Thursday, October 2, 2014

Missed Miscarriage

After being afraid of this for weeks and being told it only happens in 1% of pregnancies, it's happened to me. This morning was the Murphy's Law of mornings. We got out of here around 9:20 only to discover no gas, after getting gas we hit every single red light possible down Bear Valley, after finally making it onto the freeway we hit stop and go traffic through the pass, after finally getting down to Fontana with minutes to spare there were zero and I mean absolutely no parking spots. I had to park outside at a different building and walk. After finally getting into the building, we were told we were too late and would have to be squeezed in, so we sat in the waiting room for an hour and in the examination room for another 30 minutes or so. Oh and did I mention that my kids were with me during all this? I figured I was due some good news, but it wasn't going to happen. The doppler couldn't pick up a heart beat. At that point I knew what the outcome would be and surprisingly didn't feel surprised. I felt like I had known all along that this would be the end. I somehow knew I would have this missed miscarriage. Anyway, they rolled in a portable ultrasound machine and confirmed the fetal demise. The baby measured around 11 1/2 weeks - right when I started feeling better. When I told the doctor that, he said that made sense. Often times that's the only symptom of a missed miscarriage.

I have a follow up ultrasound tomorrow morning to officially confirm the fetal demise with a ultrasound tech and radiologist and to discuss my next move. The doctor today said its most likely too big to do naturally so I'll probably end up having a D&C - which is slightly terrifying. But at the same time now that I know it's gone I just want to move on. I don't need time to come to terms. I need time to heal and be with my family, not waiting for the miscarriage to happen.
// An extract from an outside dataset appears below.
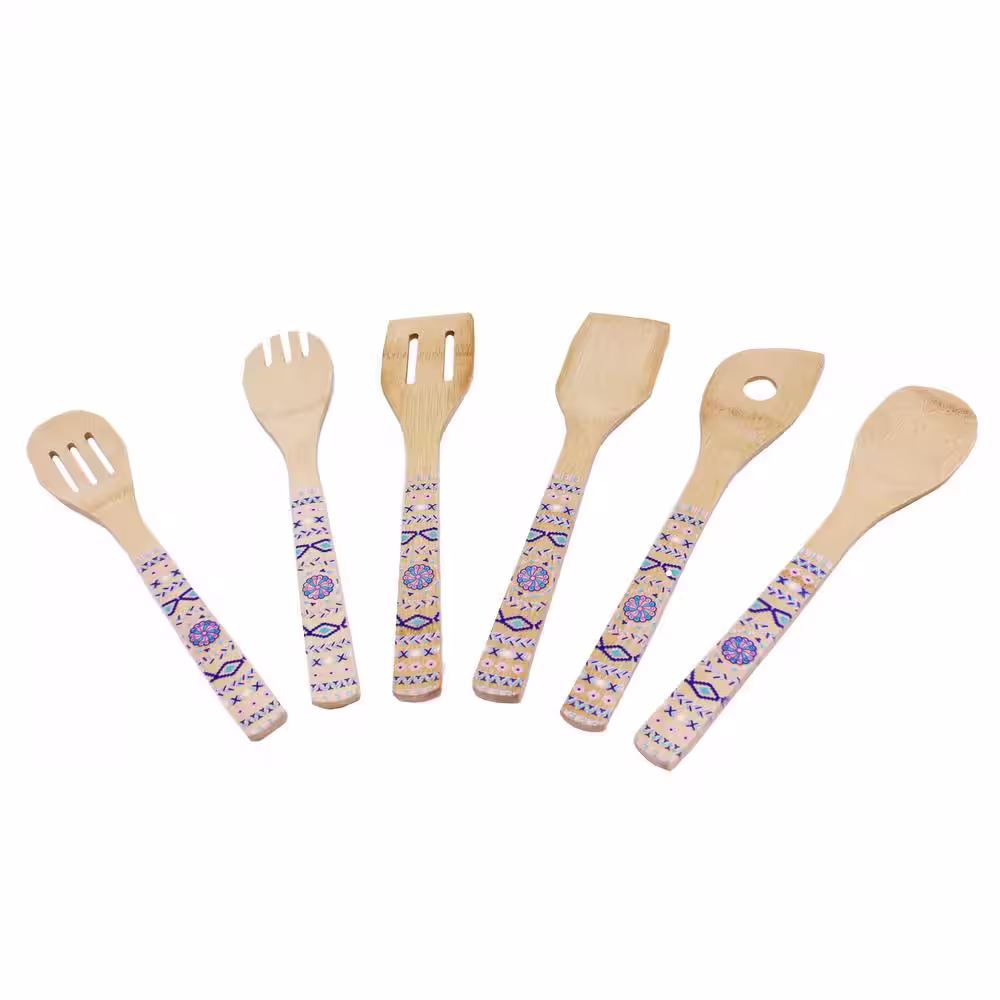 BergHOFF Patterned Bamboo 6-Piece Blue and Orange Utensil Set

The doctor also said since it's my second miscarriage in a row, and third overall they'll probably do a full work up on the fetus and on me to see what the heck is going on! Hopefully it's something easily fixed. It could just be a fluke, but who knows.
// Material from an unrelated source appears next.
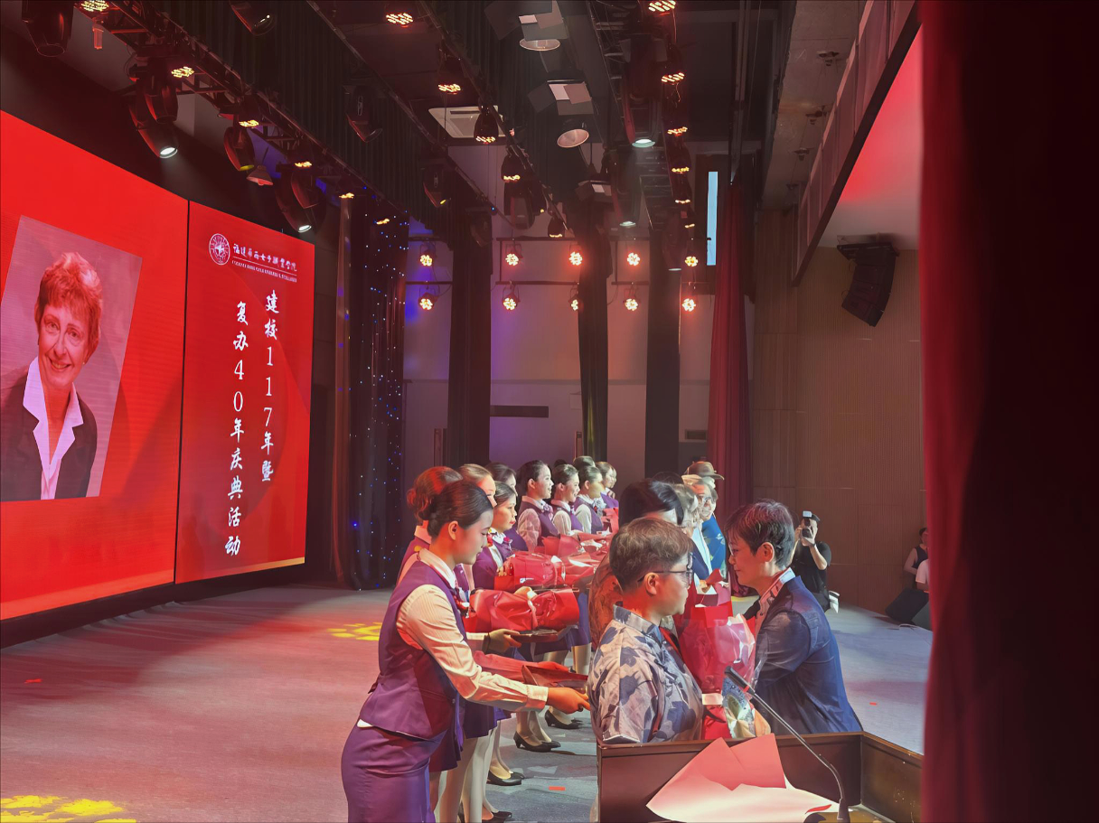庆典颁奖环节,当获奖教师登台时,空乘礼仪志愿者在侧小心搀扶,用她们周到的服务传递对师者的敬重;颁奖环节中,礼仪志愿者们双手稳稳托举荣誉证书与奖牌,精准递至颁奖嘉宾与获奖教师手中,姿态端庄优雅;仪式结束后,她们又细心引导教师走下舞台,全程无微不至。

So there you have it. I'll write more tomorrow when I find out what the next step is.  

Wednesday, October 1, 2014

14 Weeks and Some Spotting

I am officially 14 weeks and feeling pretty dang good. The nausea is pretty much gone and so are the food aversions and such. Even the gaggy/indigestion feeling is off and on. The depression and anxiety has lifted. I've been feeling great! At least until today. I had some pink and red spotting and light cramps today. The spotting has stopped which is great, but the cramps are still there keeping me nervous. I have an appointment tomorrow morning to check the baby and make sure everything is ok. Man I was SO close to being in the "safe zone." Mentally and emotionally I feel fairly confident that things are ok or I'm in denial. Time will tell. Something in my brain just won't let me accept yet that after all this time it could be over. Hopefully I won't have to accept it. Although, I'd rather it happen now then at 20 weeks or 30 weeks or after birth. And here I was thinking that I maybe, sorta felt a movement every once in a while. Who knows? Maybe I have. Maybe I'll see an active, bouncy baby in there tomorrow.

My friends have been wonderful! One brought over cookies and another brought us dinner so I could stay laying down. It's really nice to know that when something happens I have a support group that will help take care of me! Tyler even wanted to give me a blessing. I told him he couldn't put his hands on my head and give me a blessing, but he could say a prayer and that would be like a blessing. So he said a little prayer about keeping the baby alive and helping it to be ok. Very sweet! If anything, his little faith will make this ok.